06 April 2010

Cerita dari Dapur Umum Pengungsi (3)

Ada Cinta di Dalam Tenda

Urusan cinta, relawan PMI punya cerita sendiri. Khususnya personel yang bertugas di dapur umum untuk menyuplai makanan kepada para korban di pengungsian. Ada cinta di dalam tenda.

Bagi yang sudah memiliki pasangan atau kekasih, menjadi relawan bisa menyisakan rindu. Bila bisa saling percaya, kekasih bisa menjadi pendukung dan pemberi semangat dalam menjalani tugas kemanusiaan. Namun bila tidak, ternyata tidak perlu khawatir.

"Di sini justru pada nyari jodoh," seloroh Kartomi Galangsaputra (24), seorang relawan PMI Kabupaten Bandung.

Ternyata, kisah cinta di dalam tenda dapur umum seolah menjadi rahasia umum di kalangan relawan. Padatnya kegiatan dengan orang yang itu-itu saja selama berminggu-minggu bahkan berbulan-bulan, bisa berlanjut ke kehidupan pribadi.

"Banyak yang habis jadi relawan, eh jadi pacaran," seloroh pria periang ini.

Bukan hanya sebatas pacaran, jenjang pernikahan pun tak jarang mengikat dua insan manusia yang dulunya bekerja sama di bawah naungan tenda.

"Banyak banget, gak kehitung," ungkapnya sambil tak bisa menahan tawa.

Banyaknya mahasiswa yang menjadi relawan, menambah peluang pencarian jodoh di kalangan mahasiswa sendiri. Setidaknya, 5 perguruan tinggi di Kabupaten dan Kota Bandung mengirimkan 5-10 mahasiswa yang secara bergantian membantu relawan PMI. Bisa dibayangkan saat minimal ada 25 pemuda-pemudi yang mayoritas lajang bertemu di hari Minggu, percikan rasa bisa muncul.

"Emang ada, tapi aku mah enggak," kilah Eni Nuraini (23) dari sebuah universitas swasta di Kota Bandung sambil malu-malu.

Selain 'menikmati' ajang pencarian jodoh, ternyata relawan pun harus pintar-pintar milih jodoh.

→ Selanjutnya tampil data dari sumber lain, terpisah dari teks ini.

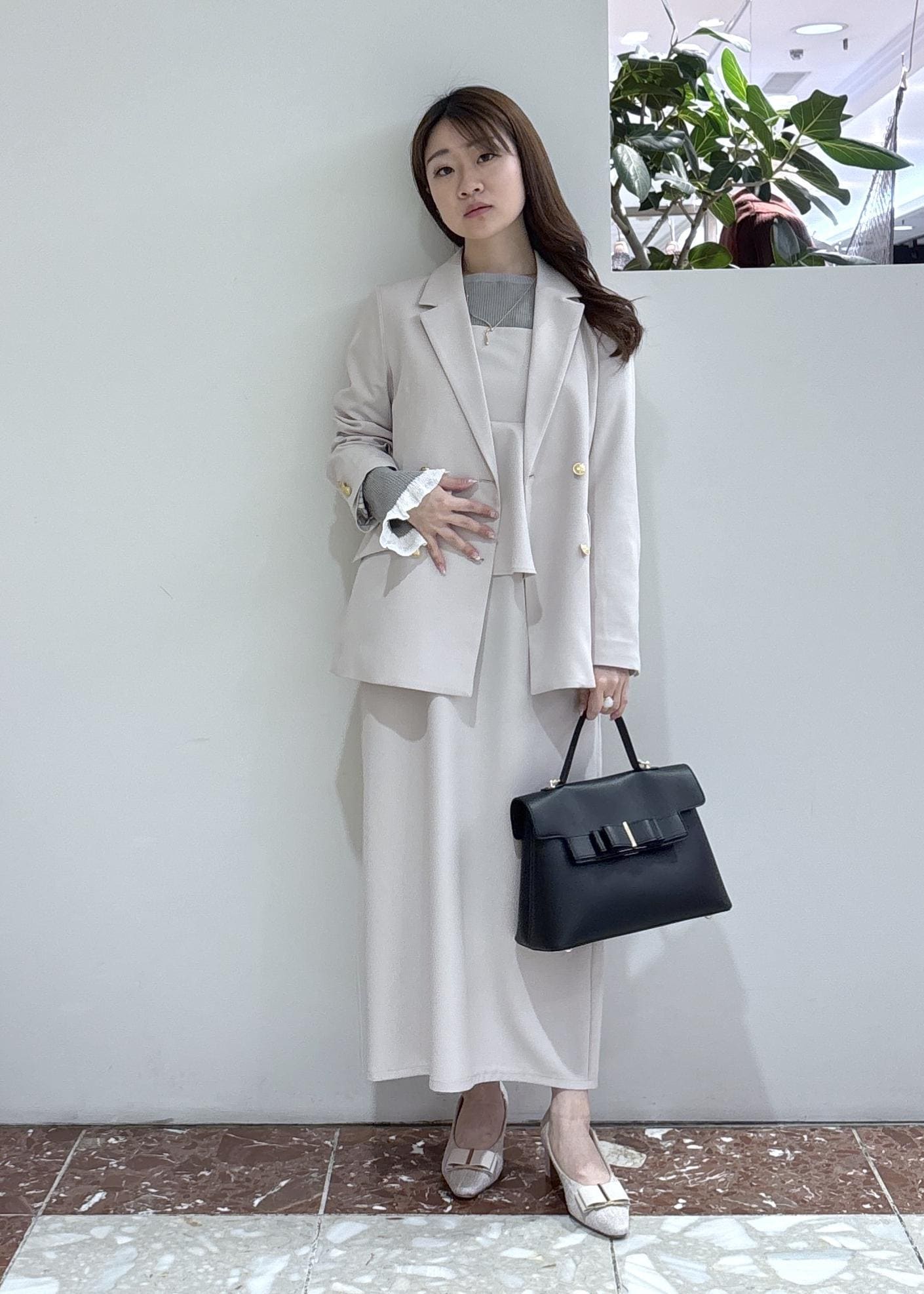 ゴールドのボタンがコーデに華やかさもプラスしてくれます♡ -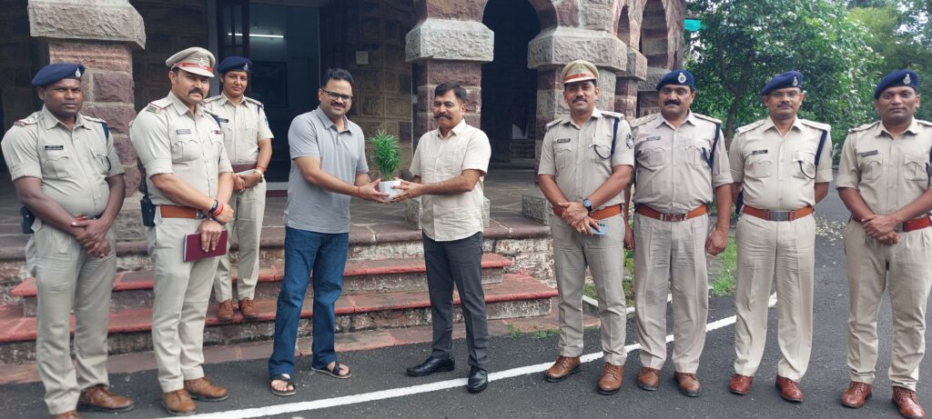 इस अवसर पर एसपी श्रुत कीर्ति सोमवंशी द्वारा डीआईजी को पौधा भेंट कर पर्यावरण संरक्षण का संदेश भी दिया गया।

Pemilihan jodoh ini dengan pertimbangan konsekuensi relawan yang sering meninggalkan rumah minimal selama beberapa minggu. Tanpa pemilihan pasangan yang dapat mengerti mereka, keutuhan keluarga bisa dipertaruhkan.

"Makanya mesti milih yang bisa ngertiin kita," curhat Dikcy Perdana (29) koordinator dapur umum PMI yang telah dikaruniai 3 orang anak.

Pemilihan pasangan hidup para relawan akhirnya dicari dari kalangan yang memiliki aroma tak jauh dari kegiatan palang merah. Selain sesama relawan, kandidat pendamping hidup bisa dicari semisal pembimbing PMR di sekolah-sekolah.

"Nggak akan jauh-jauh nyari jodohnya," seloroh pria berkulit gelap ini.